The U.S. Postal Service lost over $10 billion dollars last year. They lost $8 billion in 2011. As pretty much nobody under thirty has mailed a letter since their Santa list, this Malthusian math template of exponential loss is hardly surprising. Further, given Washington’s now imbedded inability to legislate prior to reaching the precipice of utter disaster (stay tuned for impending sequestration), the quickly escalating amount of insolvency will require the time-tested taxpayer bailout in the very foreseeable future as there will soon be no money in the coffers to meet the payroll for its 574,000 employees.
The Postal Service was ‘spun off’ from the federal government in 1971 to become an “independent” agency so that it could be run more like a business. All righty then. Unlike any other modern business, it started with a virtual monopoly and started its new entrepreneurial life with billions of dollars worth of land, buildings, equipment, vehicles, and a trained workforce of 700,000. The service was “required” to then cover its own expenses, but there was a teeny exception: taxpayers would essentially guarantee certain Postal Service-paid obligations-like pensions, retiree benefits, and salaries. Not quite the same package, so to speak, is available at Federal Express. Needless to say, those pensions, benefits, and salaries have become far more generous than is the case in the private sector and overall compensation as a percentage of revenue has climbed steadily as the mail volume has gone off a cliff.

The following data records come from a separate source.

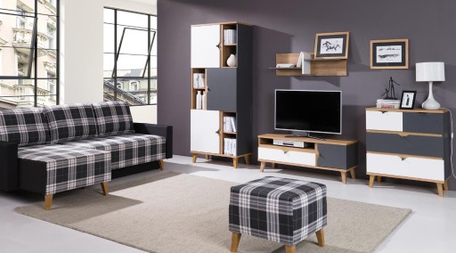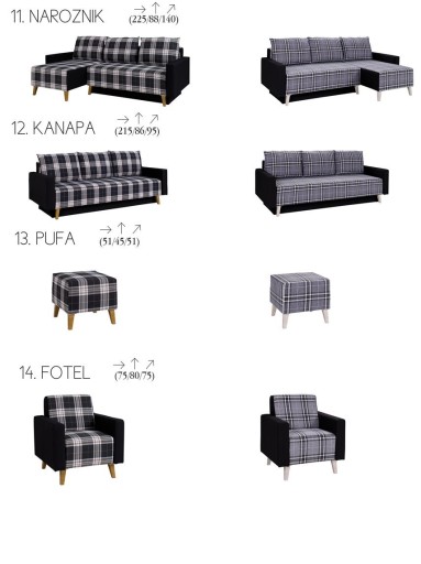 Meble tapicerowane w dwóch wariantach kolorystycznych, ciemna i jasna kratka.
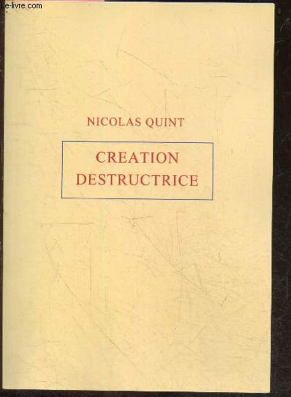 """ Création destructrice de Nicolas Quint suit le parcours d’Alexandre Fleuche, un homme en proie à une crise existentielle profonde. À travers une série de chapitres qui explorent sa vie, de son enfance à son entrée dans le monde professionnel, le roman aborde des thèmes comme la quête de sens et les dilemmes moraux liés au capitalisme ainsi que le poids de la maladie mentale (Alexandre est bipolaire). Après des études en finance, il se retrouve plongé dans un monde où la réussite professionnelle se fait au détriment de l’éthique et du bien-être personnel. Le récit alterne entre des moments introspectifs, des réflexions économiques et des scènes de vie qui mettent en lumière les contradictions de la société contemporaine. "" Classification Dewey : 840.092-XXI ème siècle"
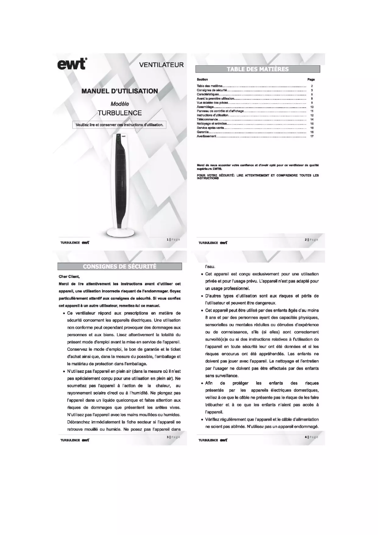 TURBULENCE - Ventilateur EWT - Notice d'utilisation et mode d'emploi gratuit

Admittedly, the Postal Service has had to operate under certain constraints such as.. wait for it… congressional oversight. Apparently, both Republicans and Democrats receive mail and have constituents in rural areas. As such, while there is much bloviating about insolvency and waste, there has actually been a tradition of bipartisan inertia when it comes to reforming the U.S. Postal Service. In fact, this is one area where both parties have worked well with each other to do absolutely nothing.
Over the many years, The Postal Service has performed a credible, affordable service for much of the time since its founding in the 1860’s. But, like The Pony Express before it, the agency has been unable to restructure its business model to adapt to changing conditions. The decline in first class mail is driven by an ever-increasing transformation to a paperless economy. The death knell has tolled for many a newspaper in this country. Even Pravda has an electronic edition. The problems of the USPS are not insurmountable, but one wonders if a credible, self-sustaining business model involving any agency of the federal government is possible. In the meantime, the postage is due and, once again, it is the U.S. taxpayer who has to come up with the coin.